One way erythropoietin could affect inflammation is by modulation of members of the NFkB family that are principal regulators of inflammatory genes.[20,21] For example, previous work has shown that NFkB itself is strongly up-regulated following traumatic spinal cord injury, a product of macrophages/microglia, endothelial cells, and neurons. One NFkB-dependent gene product is inducible nitric oxide synthase, which has been shown to increase the first day after injury, and peaks by day 7. Erythropoietin is known to modulate nitric oxide production in the brain, as well in other tissues. Recently, erythropoietin has been shown to signal through the NFkB pathway, as well as by the Jak2/STAT5 system.[27-29] Further study will be necessary to determine whether the prominent effects of recombinant erythropoietin on both primary and secondary injury depend in part upon regulation of NFkB or other pathways.
In addition to neurons and astrocytes, capillary endothelial cells forming the blood-brain barrier (BBB) also express erythropoietin receptor at high levels.[17,30] Similar to the response of brain cells to hypoxia, the capillary endothelium responds to hypoxia by up-regulating erythropoietin receptor. In experimental models, administration of erythropoietin not only can prevent endothelial cell death after hypoxic injury, but also is effective in preventing apoptosis of the endothelium following nonischemic injuries. The protective effects of erythropoietin on the vasculature may not be limited to capillaries, however, as erythropoietin also potently protects vascular smooth muscle cells from injury-induced apoptosis.

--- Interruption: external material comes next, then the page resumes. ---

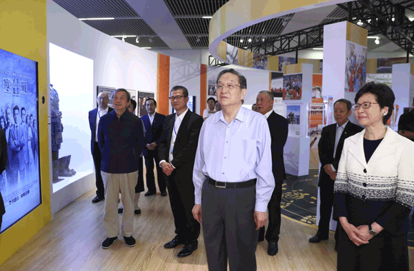 6月26日,中共中央政治局常委、全国政协主席俞正声在国家博物馆参观香港回归祖国20周年成就展。新华社记者谢环驰摄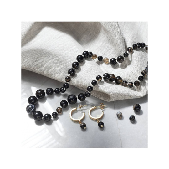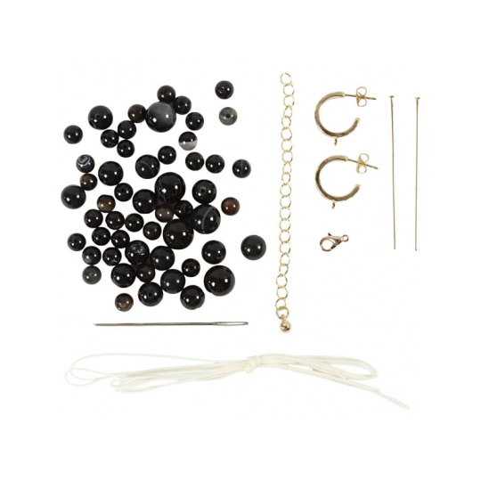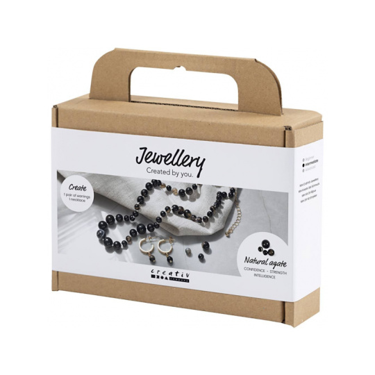 Ručně vyrobené šperky s hlubokým významem. Tato kreativní sada vám umožní vytvořit náhrdelník a pár náušnic s přírodními korálky z achátu – polodrahokamu známého svým mystickým vrstveným vzhledem a posilující energií. Silný výraz, jemné detaily: • Každý korálek z achátu je jedinečný – s černým základem a jemnými bílými pruhy • Achát symbolizuje vnitřní sílu, rovnováhu, sebedůvěru a klid • Kombinace velkých a malých korálků spolu s vázáním uzlů mezi nimi vytváří nadčasový organický vzhled Šperky, které mají hloubku i styl: • Vytvoříte 1 náhrdelník a 1 pár náušnic • Elegantní detaily dodávají šperkům profesionální vzhled • Vhodné pro tvořivé duše se zájmem o šperky s příběhem a osobitým stylem Co budete potřebovat navíc: • Kleště nejsou součástí balení – doporučujeme: ploché, kulaté a boční štípací Obsah balení: Přírodní korálky z achátu Bavlněná šňůrka Kovové kruhy Karabinka Řetízek Špendlík Návod

In sum, the results of multiple studies of animal models have definitively established that an endogenous erythropoietin/erythropoietin-receptor system functions within the CNS outside of hormonal (feedback) control. This local system is activated by hypoxic stressors, is protective of neurons and endothelial cells, and can be beneficially activated by the direct intrathecal administration of erythropoietin (Figure 1).